The response was that financing cost would be charged only on 220,000 M Tons of imported urea. Regarding supply of gas to fertiliser manufacturers, the forum was appraised that as per past practice the Petroleum Division would assess the existing arrangement of supply of gas/ RLNG and would provide the gas to them on the best endeavours basis. The forum agreed that National Fertiliser Marketing Limited (NFML) should determine the release price of imported urea.
Finance Division reiterated its stance that no additional subsidy will be provided on supply of urea, once the proposed mechanism of basket price is enforced.

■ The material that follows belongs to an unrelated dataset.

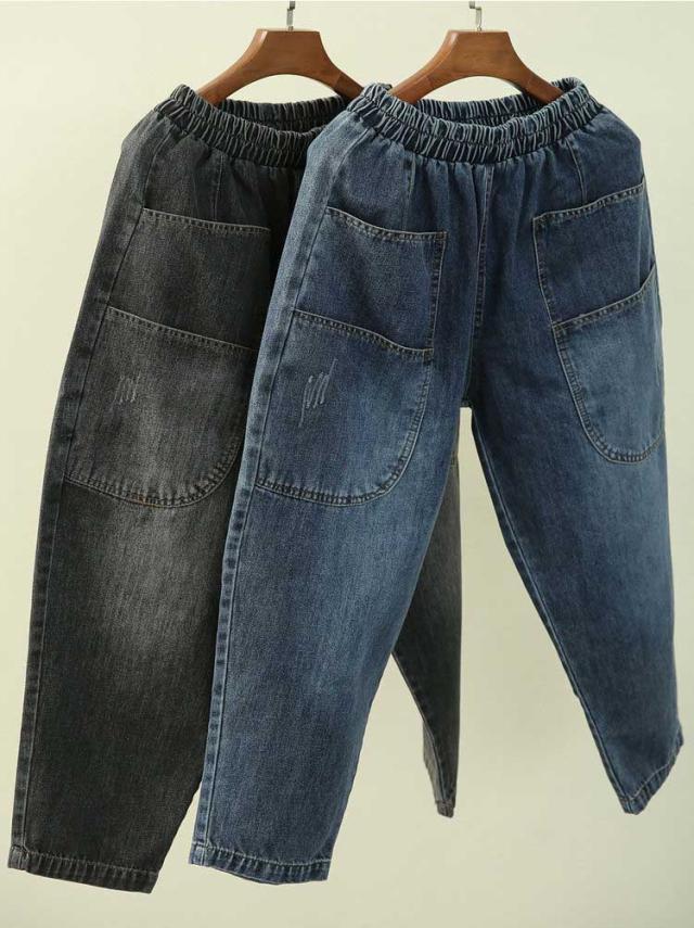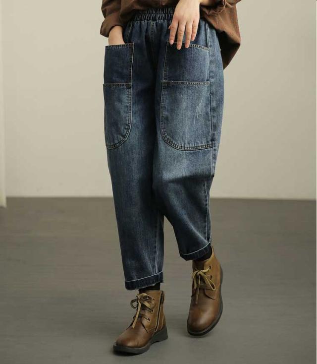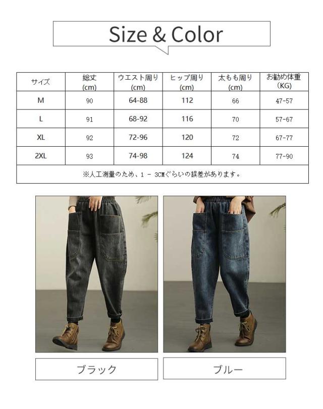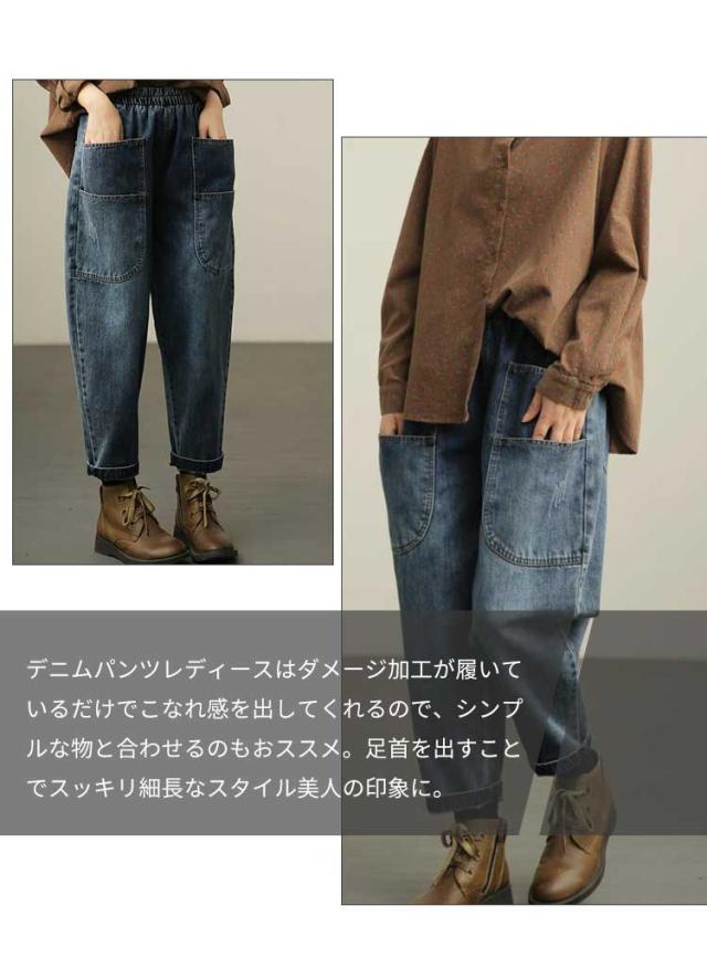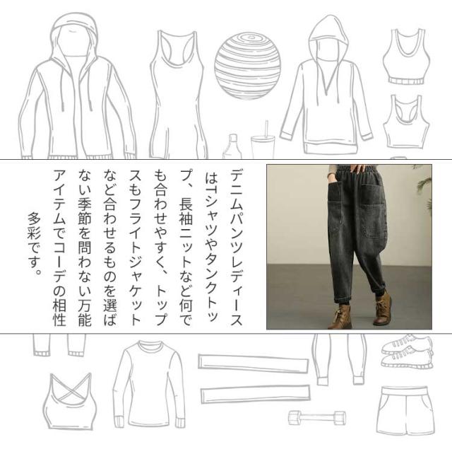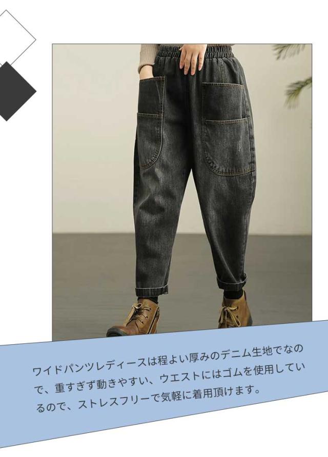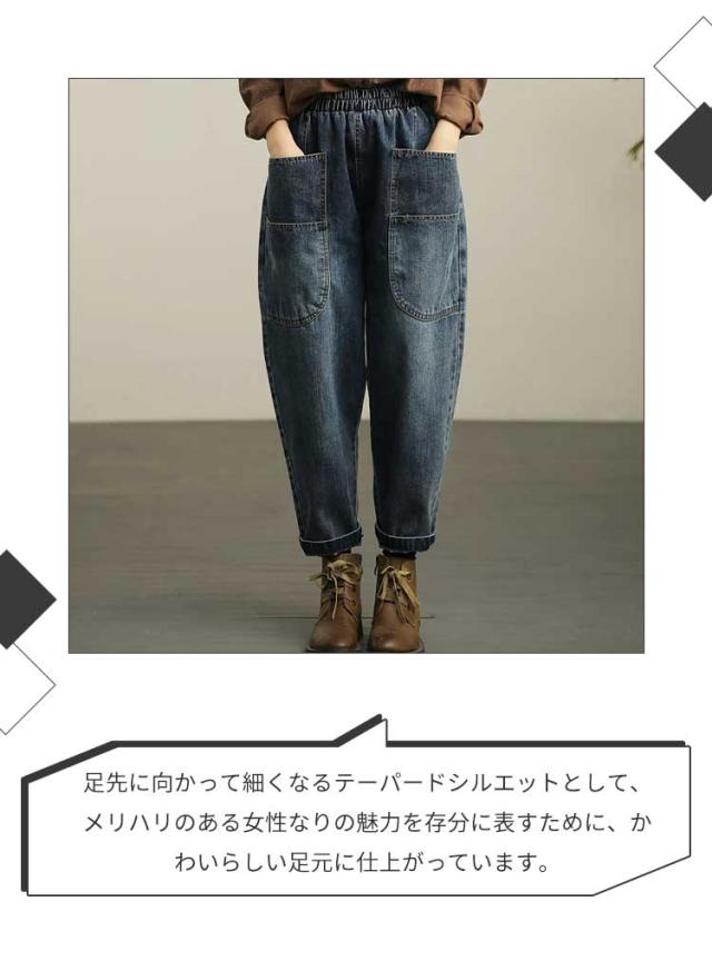 デニムパンツ レディース ワイドパンツ 大きいサイズ ジーンズ ゆったり 薄手 デニムズボン テーパードパンツ カジュアル パンツ ボトムズ

IMF has also urged the GoP to move to reduce price disparities between regions and industries, and within industries. This will include: (i) gradually seeking moving toward prices provided to the fertiliser sector that are closer to cost-recovery. Gas provided to a section of the fertiliser sector receives a large cross-subsidy from industry and upon expiry of the current fixed concession fee tariff agreement; the cross-subsidy will end in March 2024; (ii) equalising rates between export and non-export industries.
The government is set to entirely end the subsidisation of fertiliser products through gas price cross-subsidies, with any subsidies being provided by explicit on-budget subsidies from July 1, 2024.